Guerrilla marketing is the art and science of breaking conventional marketing rules, bypassing traditional outlets and using uncommon sense to reach people with marketing messages. Viral marketing can be loosely defined as digital word-of-mouth marketing. Both strategies can be more cost efficient than traditional techniques and can reach consumers in ways that connect with them in more personal and memorable ways. Understanding and applying these strategies in your marketing campaigns can provide distinct competitive advantages.
The term “guerrilla” comes from guerrilla warfare, in which soldiers use quick, unexpected attacks followed by fast retreats rather than fighting for prolonged periods out in the open. Like guerrilla warfare, guerrilla marketing messages appear seemingly out of nowhere, making a big impression on onlookers before quickly disappearing. This differs from traditional marketing tactics such as billboard or magazine advertising, which place messages in front of consumers for extended period in ways consumers have learned to tune out.
Viral marketing gets its name from the way in which physical viruses spread, which each individual unit replicating ceaselessly, creating exponential growth. A viral marketing campaign relies on social media sharing and other online word-of-mouth tactics to reach large numbers of people through their friends and contacts. A viral marketing campaign presents messages that consumers cannot resist sharing with their friends, who in turn share it with more people, fueling the cycle of exponential growth.

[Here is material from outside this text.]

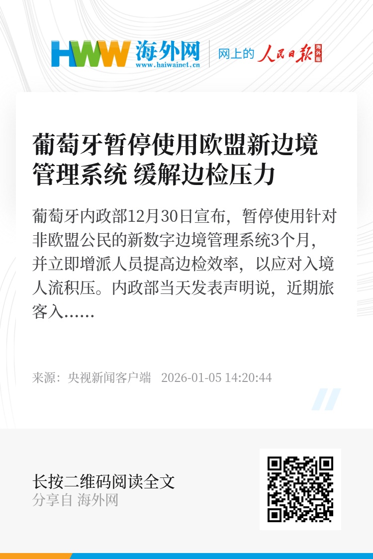 葡萄牙内政部12月30日宣布,暂停使用针对非欧盟公民的新数字边境管理系统3个月,并立即增派人员提高边检效率,以应对入境人流积压。

Flash-mobs are an example of a guerrilla marketing tactic. In a flash-mob, a large group of people infiltrates a public area, initially blending in with bystanders. Then the group acts out a skit or performs a song and dance to promote a marketing message to the surprise of everyone around. Mobile billboard trucks are another example of effective guerrilla marketing. Billboard trucks can display advertisements virtually anywhere, quickly moving on to cover different areas, even advertising right in front of competitors’ places of business.

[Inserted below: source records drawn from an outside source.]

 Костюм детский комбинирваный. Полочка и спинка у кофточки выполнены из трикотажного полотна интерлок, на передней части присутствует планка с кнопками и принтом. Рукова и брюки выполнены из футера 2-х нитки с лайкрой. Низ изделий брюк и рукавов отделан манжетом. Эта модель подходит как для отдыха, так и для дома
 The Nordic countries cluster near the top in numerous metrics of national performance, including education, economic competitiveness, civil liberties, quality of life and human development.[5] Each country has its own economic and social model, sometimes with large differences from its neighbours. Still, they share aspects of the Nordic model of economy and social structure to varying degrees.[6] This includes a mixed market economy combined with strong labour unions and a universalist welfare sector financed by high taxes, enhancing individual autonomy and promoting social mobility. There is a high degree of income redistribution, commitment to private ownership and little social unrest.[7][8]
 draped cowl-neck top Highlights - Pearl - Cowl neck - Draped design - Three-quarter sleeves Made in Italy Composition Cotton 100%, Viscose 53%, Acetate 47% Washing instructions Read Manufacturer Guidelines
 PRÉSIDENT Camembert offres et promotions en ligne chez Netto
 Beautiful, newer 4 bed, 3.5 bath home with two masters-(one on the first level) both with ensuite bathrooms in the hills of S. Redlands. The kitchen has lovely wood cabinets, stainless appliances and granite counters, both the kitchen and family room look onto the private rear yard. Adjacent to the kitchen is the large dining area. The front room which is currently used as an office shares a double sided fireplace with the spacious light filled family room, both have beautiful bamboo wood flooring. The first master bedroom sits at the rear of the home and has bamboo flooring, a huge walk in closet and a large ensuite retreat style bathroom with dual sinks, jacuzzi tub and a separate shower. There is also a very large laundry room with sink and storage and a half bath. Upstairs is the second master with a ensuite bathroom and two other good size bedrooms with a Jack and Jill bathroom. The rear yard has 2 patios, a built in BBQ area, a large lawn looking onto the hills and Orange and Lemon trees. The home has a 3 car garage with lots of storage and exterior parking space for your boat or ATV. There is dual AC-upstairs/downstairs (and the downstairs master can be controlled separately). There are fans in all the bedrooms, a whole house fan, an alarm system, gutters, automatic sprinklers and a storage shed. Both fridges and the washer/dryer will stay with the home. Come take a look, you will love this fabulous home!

Movie studios are providing numerous examples of successful viral campaigns, creating fake newscasts, websites and stories to generate buzz about future releases. Prior to the release of “The Dark Knight” in 2008, for example, Warner Brothers created a fake political campaign website for Harvey Dent, a character in the movie, providing fans with sharable campaign posters and other tools to spread the hype.
Tactics and Costs
Guerrilla marketing tactics cost a bit more than viral techniques in most instances. Guerrilla tactics can require more people, incurring higher labor costs, and can include the cost of physical media such as signs, vehicles and props. Viral campaigns, on the other hand, can be simple enough for a single person with a laptop and an Internet connection to produce. Viral campaigns truly level the playing field in terms of financial requirements, whereas guerrilla campaigns can be cost prohibitive to companies with smaller budgets.

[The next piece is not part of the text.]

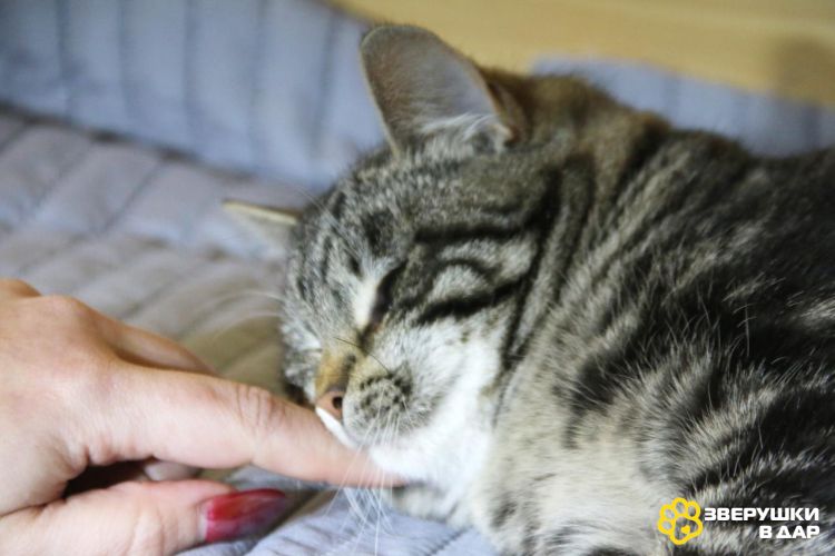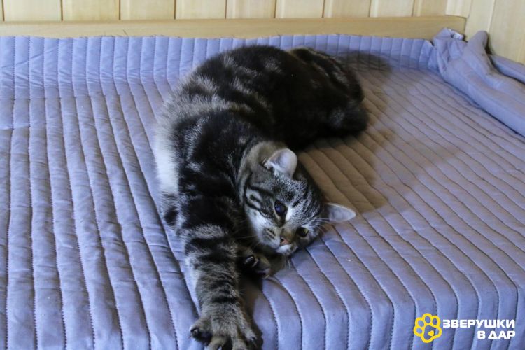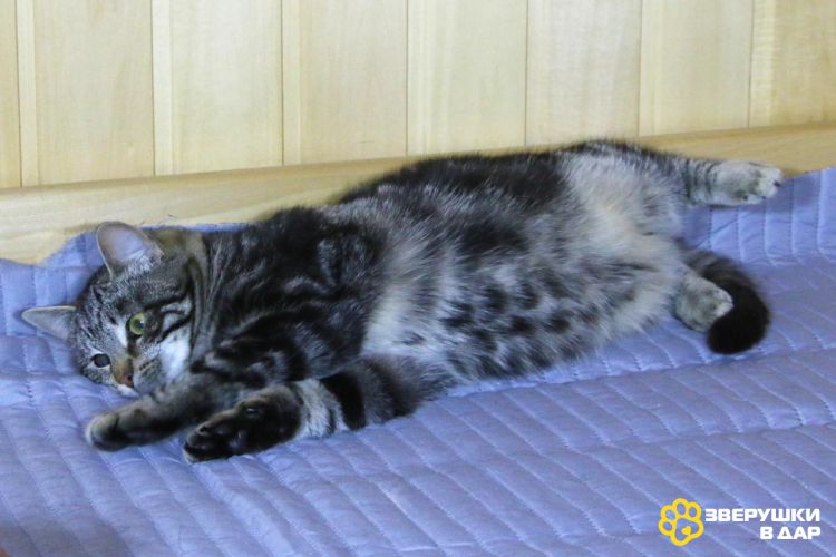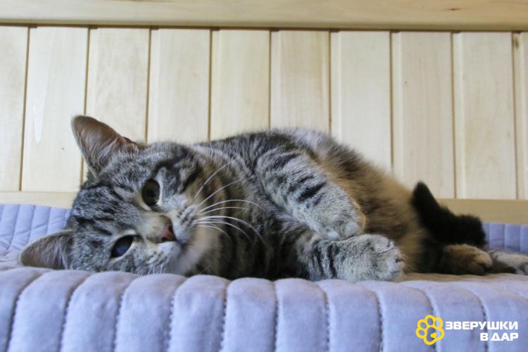Мартин. Котик очень красивого бурундукового окраса с забавными пятнышками на животе. По характеру игривый, но при этом нежный и ласковый, очень любит сидеть на руках и мурчать. Глазик, к сожалению, останется таким, но на очарование этого кота не влияет. Помутнение произошло из-за ринотрахеита, но сейчас котик уже пролечен и всё хорошо. Возраст – 5-6 месяцев, сейчас идет активная смена клыков. Приучен к лотку, обработан от блох и глистов.

Integrated Marketing Strategy
Integrated marketing strategies can be more effective than those that focus on a single set of tactics. Using guerrilla marketing techniques to create viral marketing campaigns can leverage the power of both of these innovative strategies at once. To create a guerrilla/viral marketing campaign, create a truly memorable and irresistibly sharable real-life component and turn that component into something sharable on the web. For example, rather than simply performing a flash-mob, consider filming the flash-mob and sharing it among your social media followers.